1. 4

  2. 2

    Wait. The grammar being spread over a few imperative functions is bad? But spreading it in a dozen files and at least as many imperative (and recursive) functions each in their own classes, then imperatively registering these classes at runtime is OK? So when you look at the “core” parsing function, you have no idea what it really does because what it will do depends on the classes that implement the overloaded parse function. Sorry but I think this is a horribly confusing way to implement what amounts to precedence parsing.

    You can actually implement the core of expression parsing (precedence climbing[1]) for C using a precedence/associativity table and two functions that easily fit in a recursive descent parser.

    The first function I call simple_expr(). It reads zero or more prefix operators (first loop), followed by “the actual value” (i.e. an identifier, a constant, a string literal, a compound literal, or a subexpression in paretheses). And finally zero or more postfix operators (second loop). There’s no need for recursion here except to parse a subexpression in parentheses.

    The other function (more or less the same as his parseExpression) I call expr(p), and it first calls simple_expr to parse at least one .. doh, simple expression. Then as long as it sees tokens which are valid infix operators with precedence higher than p, it creates a tree for it, pushing the previously parsed stuff down left and recurses to parse the other operand, using the precedence of the operator it just read for p (fudged down if the oper is right-associative). This is the third and final loop.

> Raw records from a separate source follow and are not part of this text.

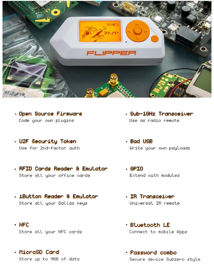 Flipper Zero-портативный многофункциональный инструмент, который объединяет различные протоколы IoT (Sub-1 GHz, NFC, инфракрасный, RFID, Bluetooth и т. Д.) В одно устройство. Он может быть запрограммирован и поддерживает карты microSD, USB-соединения и контакты GPIO, что позволяет расширять так, как вам нравится.
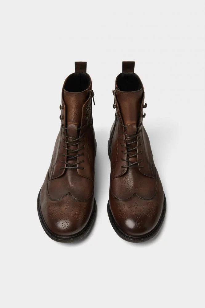 Шкіряні чоботи з бічною застібкою-блискавкою. Декоративні шви. Закруглена форма. Шкіряні устілки.
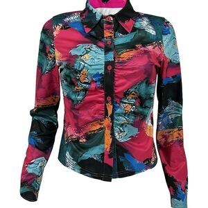 Vibrant ruched button front top with abstract patterns. Features a mix of bold colors. Perfect for a statement look. Brand new. Size XL
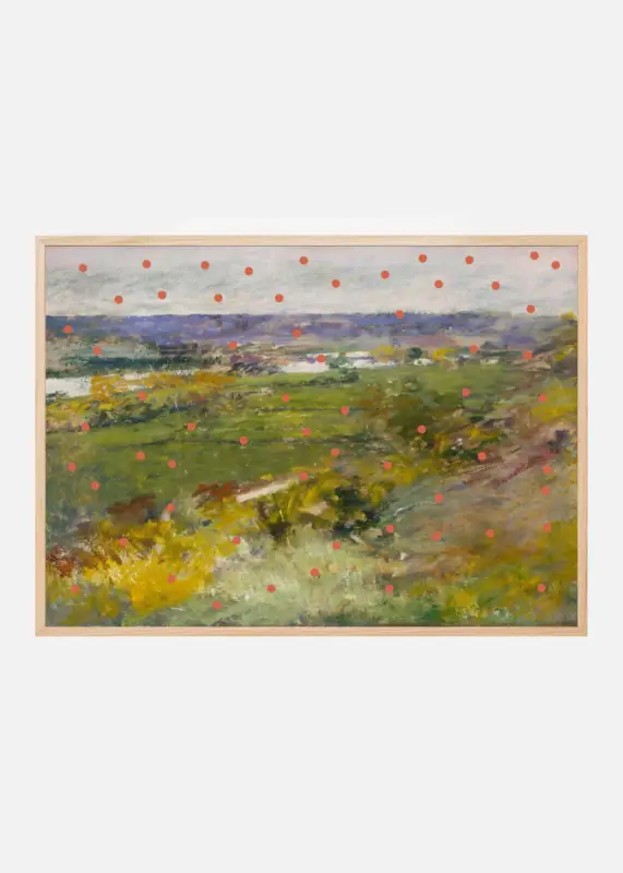 Deze poster is uniek door de opvallende oranje stippen die een speels en eigentijds element toevoegen. De plaatsing van de stippen zorgt voor een boeiend contrast met de natuurlijke kleuren op de achtergrond, waardoor deze print een gespreksonderwerp wordt en een stijlvol accent vormt in elk modern interieur. Een decoratieve poster die op meesterlijke wijze het traditionele en het moderne samenbrengt.

    Oh, and doing it this way makes it easy to disambiguate between cast operators, compound literals, and parenthesized expressions, without using lookahead (although you need to know typedefs) Since they are all parsed by simple_expr(), it checks if the first token after left-paren is a type specifier; if not, the thing is a subexpression. Otherwise it parses the abstract declarator and after the closing parenthesis checks if there’s a left-brace (which indicates a compound literal) or treats it as a cast.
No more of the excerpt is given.